Work item: After finding the line with "本体:サイズ:W370×H490×D230(mm)リュックストラップ:長さ 約 480〜880(mm)×幅" in the entries below, copy that line and each one after it exactly, through the last line, and omit pictures.

Record excerpts:

== Segment start ==

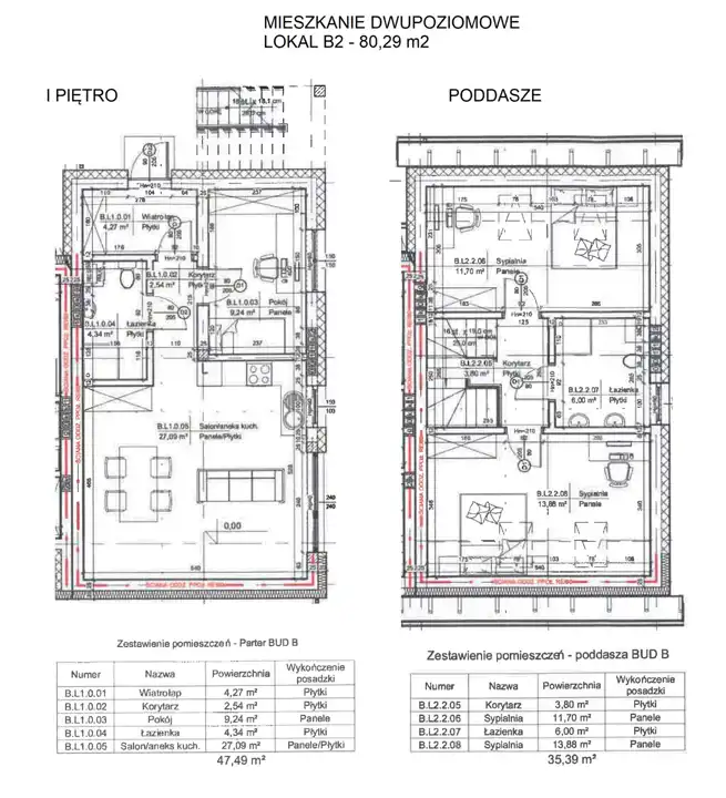 Mieszkanie położone na piętrze i poddaszu użytkowym - Lokal B2 o powierzchni 80,29 m2.
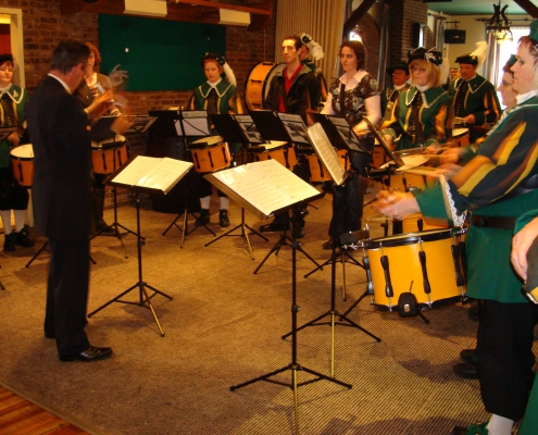 Na de koffietafel was er een optreden van de drumband onder leiding van de nieuwe instructeur Harry van Bakel. Er werd op een indrukwekkende manier een aantal nummers ten gehore gebracht. Het optreden viel goed in de smaak bij de aanwezigen. Hierna werd een mooi beeldje van een bizon verloot onder de aanwezigen. De verloting ging per opbod, op de manier zoals de dag erna de koppenverkoop plaats zou gaan vinden. Het beeldje was aangeboden door een kunstenaar uit Groeningen (dhr. B. Venneman) en de opbrengst (€ 365,00) komt ten goede aan het gilde en de kapel van Groeningen. De gelukkige winnares van het beeldje was Alda School. Vervolgens werd er een aantal presentaties gegeven over de vorderingen van het Gildenfestijn in Groeningen volgend jaar. Door elke commissie werd besproken wat er al is gebeurd en wat de plannen zijn. Het zag er allemaal goed uit en we zijn samen goed op weg met de voorbereidingen.
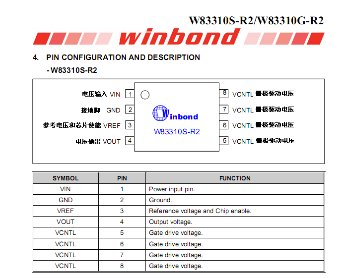 电源模块W83310G-R2引脚功能及应用电路介绍
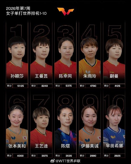 直播吧2月9日讯 国际乒联公布了2026年第7周世界排名。
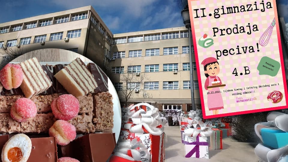 Učenici 4. B razreda II. gimnazije organiziraju prodaju peciva i kolača kako bi prikupili sredstva za svoju maturalnu zabavu. Prodaja će se održati 20. veljače 2024. (danas, srijeda) tijekom trećeg i četvrtog školskog sata te za vrijeme velikog odmora, u atriju škole.
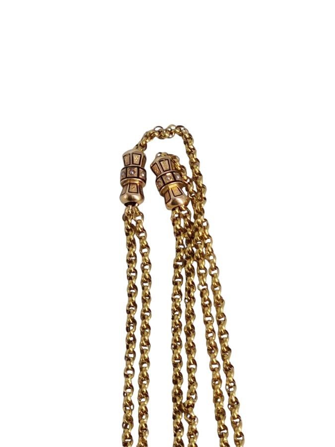Gold long necklace with "witch chain" links, barrel and two enamelled barrels, engraved with floral motifs and set with fine pearls. Master goldsmith Devillepoix Goldsmith prize at the national competition.
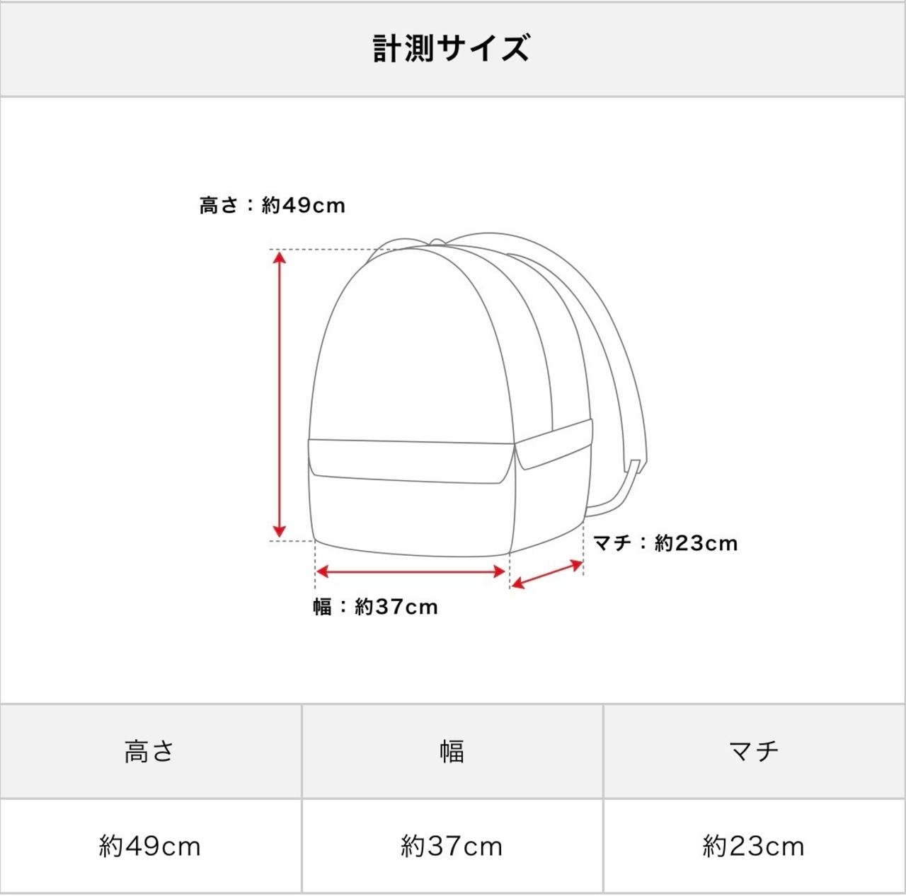 本体:サイズ:W370×H490×D230(mm)リュックストラップ:長さ 約 480〜880(mm)×幅 約 25〜85(mm) 誤差はご了承ください。
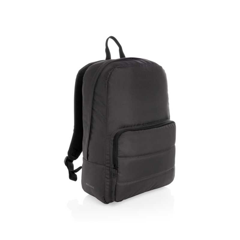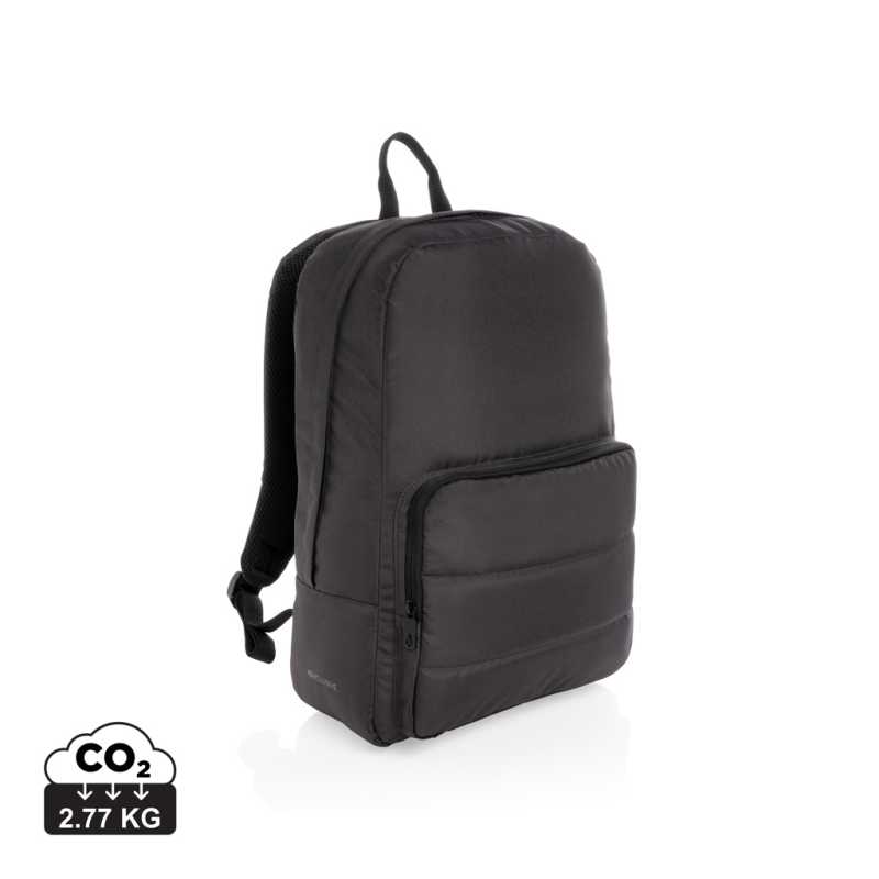 NOVINKA 2025. Batoh na notebook z recyklovaného polyesteru 600D s vysokou hustotou, predná časť z recyklovaného polyesteru 900D s vysokou hustotou s vodeodolnou vrstvou a podšívkou z recyklovaného polyesteru 210D. Hlavná priehradka s polstrovanou priehradkou na notebooky do 17.3" a priestranné predné vrecko s niekoľkými vnútornými vreckami. Bočné vrecko ideálne na nosenie fľaše a chrbát s extra polstrovaním a popruhom na vozík. Kapacita až 24 l. 300 x 400 x 180 mm

== Segment end ==

Exercise output:
 本体:サイズ:W370×H490×D230(mm)リュックストラップ:長さ 約 480〜880(mm)×幅 約 25〜85(mm) 誤差はご了承ください。
 NOVINKA 2025. Batoh na notebook z recyklovaného polyesteru 600D s vysokou hustotou, predná časť z recyklovaného polyesteru 900D s vysokou hustotou s vodeodolnou vrstvou a podšívkou z recyklovaného polyesteru 210D. Hlavná priehradka s polstrovanou priehradkou na notebooky do 17.3" a priestranné predné vrecko s niekoľkými vnútornými vreckami. Bočné vrecko ideálne na nosenie fľaše a chrbát s extra polstrovaním a popruhom na vozík. Kapacita až 24 l. 300 x 400 x 180 mm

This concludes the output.